# What you have to do
Please repeat the entries word for word and keep the images out.

--- Record extracts Enclosed Below ---

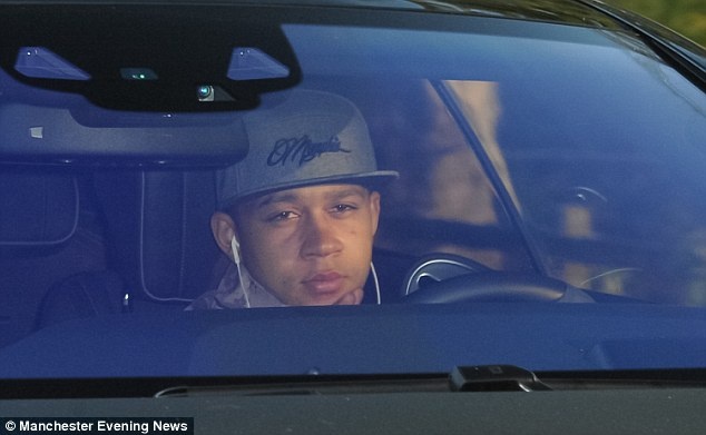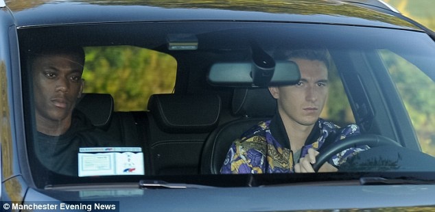 | Hai tân binh Anthony Martial (trái) và Matteo Darmian đi cùng xe đến sân tập Carrington. |
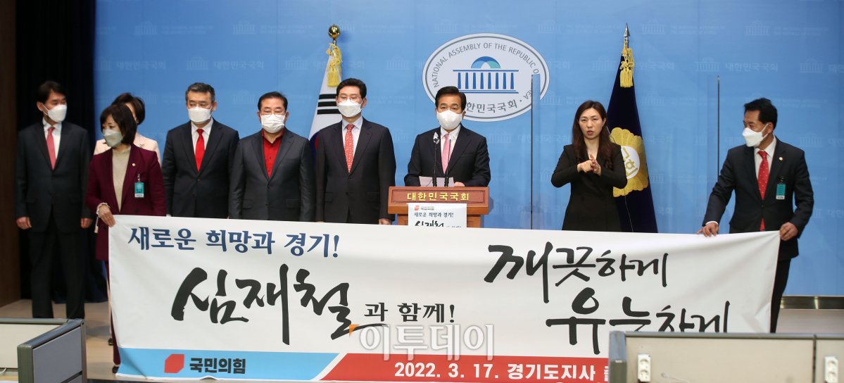 심재철 전 국회부의장이 17일 서울 여의도 국회 소통관에서 기자회견을 열고 2022 지방선거 경기도지사 출마를 선언하고 있다.
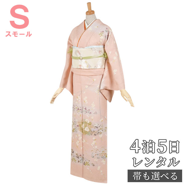 着物レンタル レンタル着物 訪問着 レンタル レンタル訪問着 着物 フルセット「H014 薄ピンク しだれ白梅と草花 小さいサイズ」 正絹 ホテル・式場への配送OK!
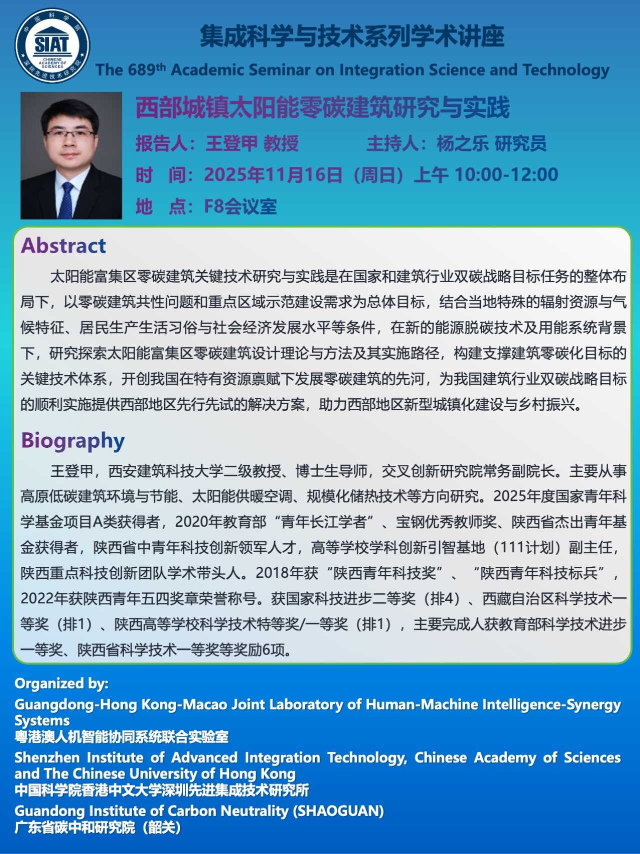 集成所第689期集成科学与技术系列学术讲座将于 2025年11月16日(周日)上午 10:00-12:00 在 F栋8楼会议室 召开。本次讲座特邀 西安建筑科技大学 的 王登甲 教授 作题为《西部城镇太阳能零碳建筑研究与实践》的学术报告。
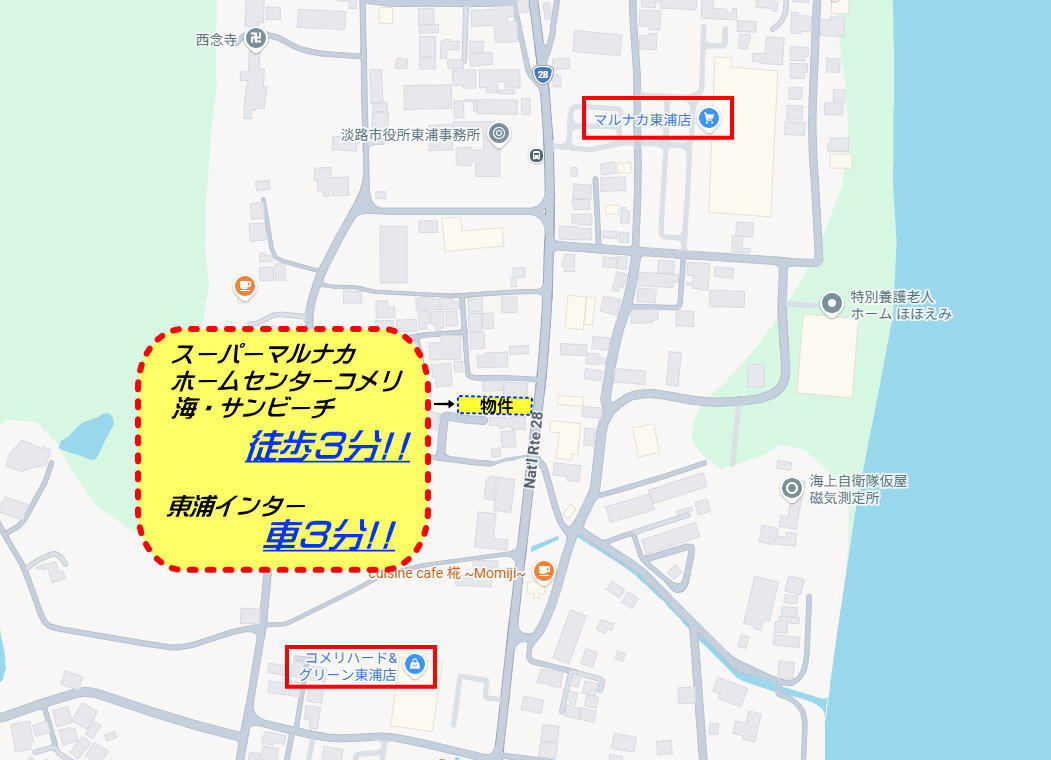 久留麻☆28号線沿いの店舗+住居のセット★ビーチもスーパーも近く★利便性◎
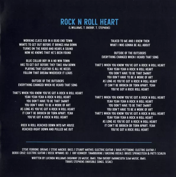 Backing Vocals Bruce Springsteen, Patti Scialfa | Bass Steve Mackey (3) | Drums Steve Ferrone | Electric Guitar Doug Pettibone, Stuart Mathis | Electric Organ [B3] Reese Wynans | Tambourine Ray Kennedy (2) | Written-By Jesse Malin, Lucinda Williams, Tom Overby
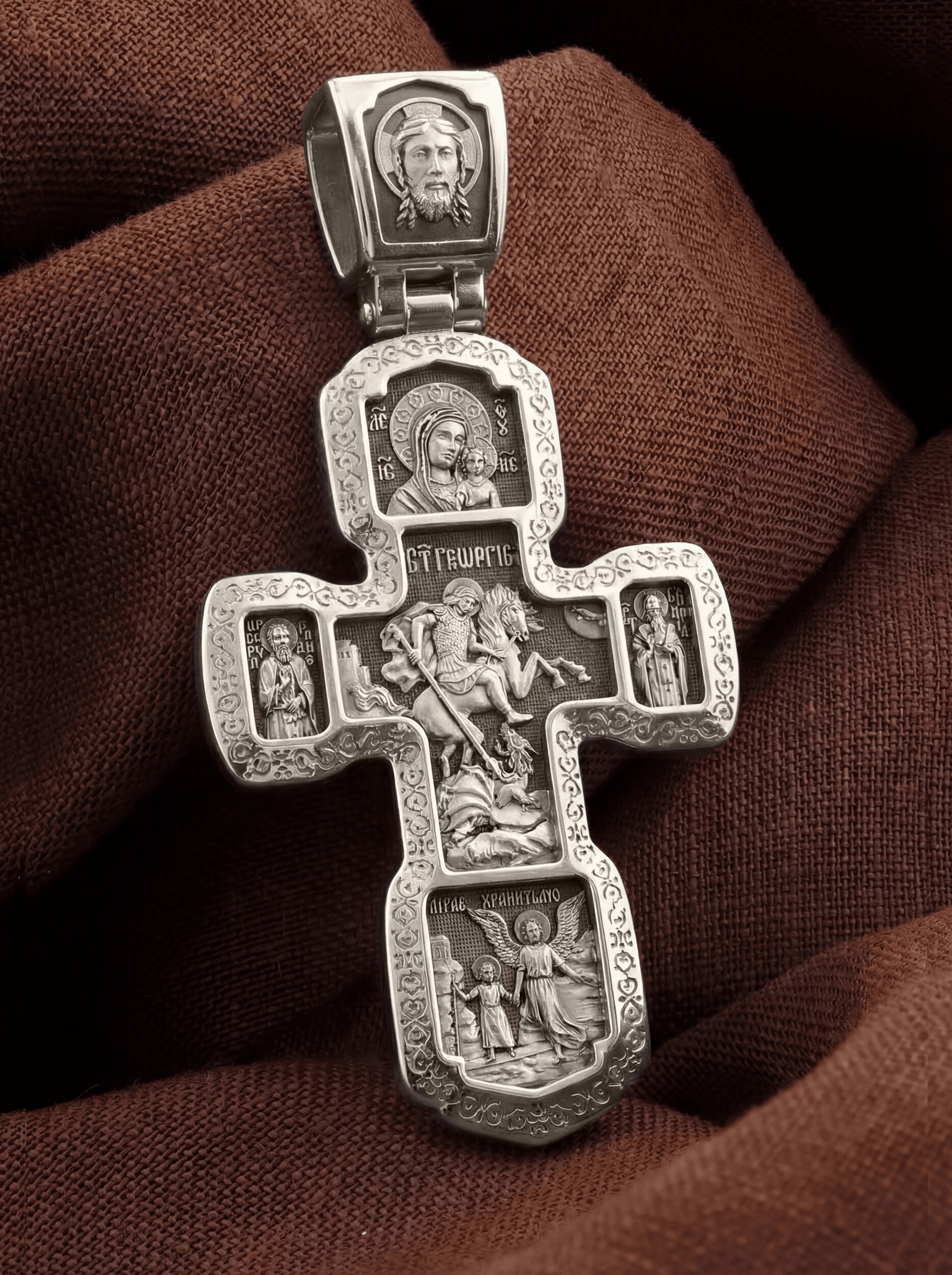 В центральной части оборота креста изображен Георгий Победоносец — покровителем и защитником воинов.
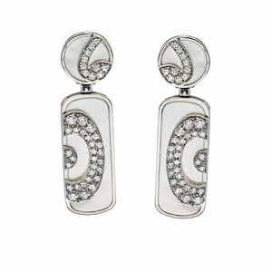peso 22 gr. firmati madreperla e diamanti taglio brillante ct 2 circa, lunghezza 4,5 cm. completi di scatola
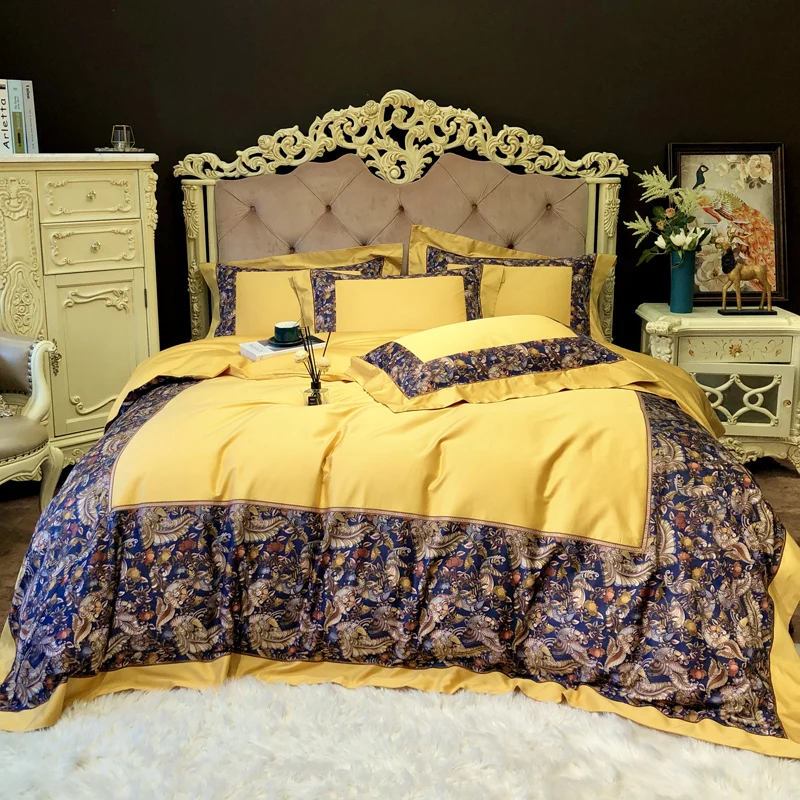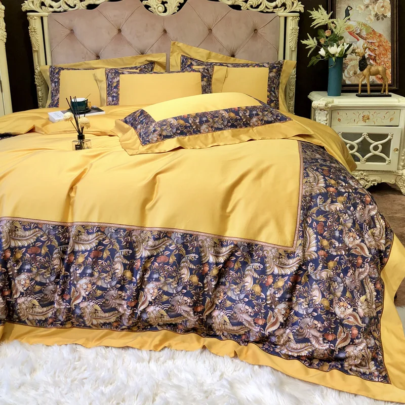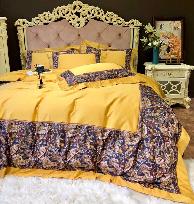 Special Offer Nova Impressão Digital 100S Algodão Egípcio De Luxo Real Amarelo Conjuntos De Cama Rainha Rei Capa De Edredão Conjunto De Folhas De Cama Fronhas 4pc Discount [NEW!!] Today!

--- End of Enclosed Record extracts ---

# Expected answer
 | Hai tân binh Anthony Martial (trái) và Matteo Darmian đi cùng xe đến sân tập Carrington. |
 심재철 전 국회부의장이 17일 서울 여의도 국회 소통관에서 기자회견을 열고 2022 지방선거 경기도지사 출마를 선언하고 있다.
 着物レンタル レンタル着物 訪問着 レンタル レンタル訪問着 着物 フルセット「H014 薄ピンク しだれ白梅と草花 小さいサイズ」 正絹 ホテル・式場への配送OK!
 集成所第689期集成科学与技术系列学术讲座将于 2025年11月16日(周日)上午 10:00-12:00 在 F栋8楼会议室 召开。本次讲座特邀 西安建筑科技大学 的 王登甲 教授 作题为《西部城镇太阳能零碳建筑研究与实践》的学术报告。
 久留麻☆28号線沿いの店舗+住居のセット★ビーチもスーパーも近く★利便性◎
 Backing Vocals Bruce Springsteen, Patti Scialfa | Bass Steve Mackey (3) | Drums Steve Ferrone | Electric Guitar Doug Pettibone, Stuart Mathis | Electric Organ [B3] Reese Wynans | Tambourine Ray Kennedy (2) | Written-By Jesse Malin, Lucinda Williams, Tom Overby
 В центральной части оборота креста изображен Георгий Победоносец — покровителем и защитником воинов.
peso 22 gr. firmati madreperla e diamanti taglio brillante ct 2 circa, lunghezza 4,5 cm. completi di scatola
 Special Offer Nova Impressão Digital 100S Algodão Egípcio De Luxo Real Amarelo Conjuntos De Cama Rainha Rei Capa De Edredão Conjunto De Folhas De Cama Fronhas 4pc Discount [NEW!!] Today!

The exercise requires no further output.